» EXERCISE INSTRUCTIONS
Without including any picture, repeat the records below exactly.

[Records excerpted from a collection]
• • • • • • •

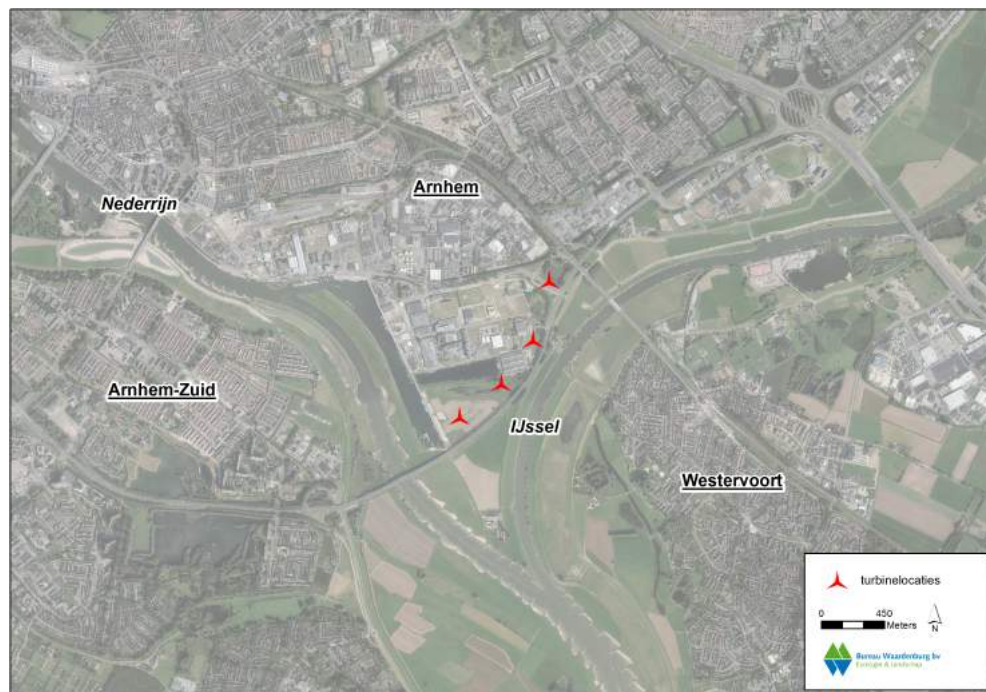
Figuur 2.1 Locaties van de vier geplande windturbines (rode cirkels) langs de Pleijweg in de gemeente Arnhem.

De twee noordoostelijke turbines zijn gepland langs het industrieterrein Kleefse Waard. Tussen dit industrieterrein en de Pleijweg staat een smalle groene strook, voornamelijk bestaande uit jonge populieren (zie figuur 2.4). Het industrieterrein is 's nachts verlicht en vormt als zodanig een dominante lichtbron op korte afstand.
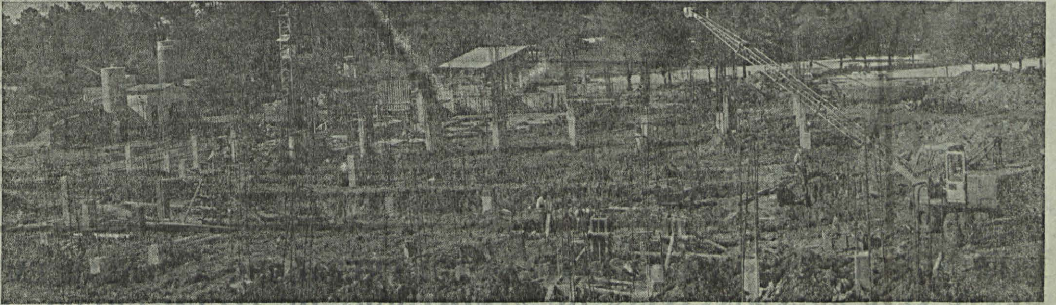
UM NOVO E IMPORTANTE EDIFÍCIO ESTÁ A SER CONSTRUÍDO NO PERÍMETRO DO SANTUÁRIO DE FÁTIMA. TRATA-SE DO CENTRO PASTORAL DE PAULO VI, CUJA PEDRA INAUGURAL FOI BENZIDA NO DIA 13 DE MAIO, DURANTE A GRANDE PEREGRINAÇÃO ANIVERSÁRIA.

Em próxima oportunidade «VOZ DA FÁTIMA» continuará historiando a acção desenvolvida pelo Santuário e pelos técnicos de engenharia até à adjudicação da empreitada de construção e continuaremos também dando conta do avanço das obras.
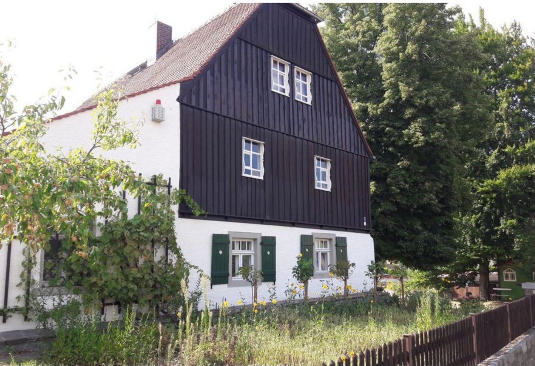
Museum Steinarbeiterhaus in Hohburg

• • • • • • •

» FINISHED TASK
Figuur 2.1 Locaties van de vier geplande windturbines (rode cirkels) langs de Pleijweg in de gemeente Arnhem.

De twee noordoostelijke turbines zijn gepland langs het industrieterrein Kleefse Waard. Tussen dit industrieterrein en de Pleijweg staat een smalle groene strook, voornamelijk bestaande uit jonge populieren (zie figuur 2.4). Het industrieterrein is 's nachts verlicht en vormt als zodanig een dominante lichtbron op korte afstand.
UM NOVO E IMPORTANTE EDIFÍCIO ESTÁ A SER CONSTRUÍDO NO PERÍMETRO DO SANTUÁRIO DE FÁTIMA. TRATA-SE DO CENTRO PASTORAL DE PAULO VI, CUJA PEDRA INAUGURAL FOI BENZIDA NO DIA 13 DE MAIO, DURANTE A GRANDE PEREGRINAÇÃO ANIVERSÁRIA.

Em próxima oportunidade «VOZ DA FÁTIMA» continuará historiando a acção desenvolvida pelo Santuário e pelos técnicos de engenharia até à adjudicação da empreitada de construção e continuaremos também dando conta do avanço das obras.
Museum Steinarbeiterhaus in Hohburg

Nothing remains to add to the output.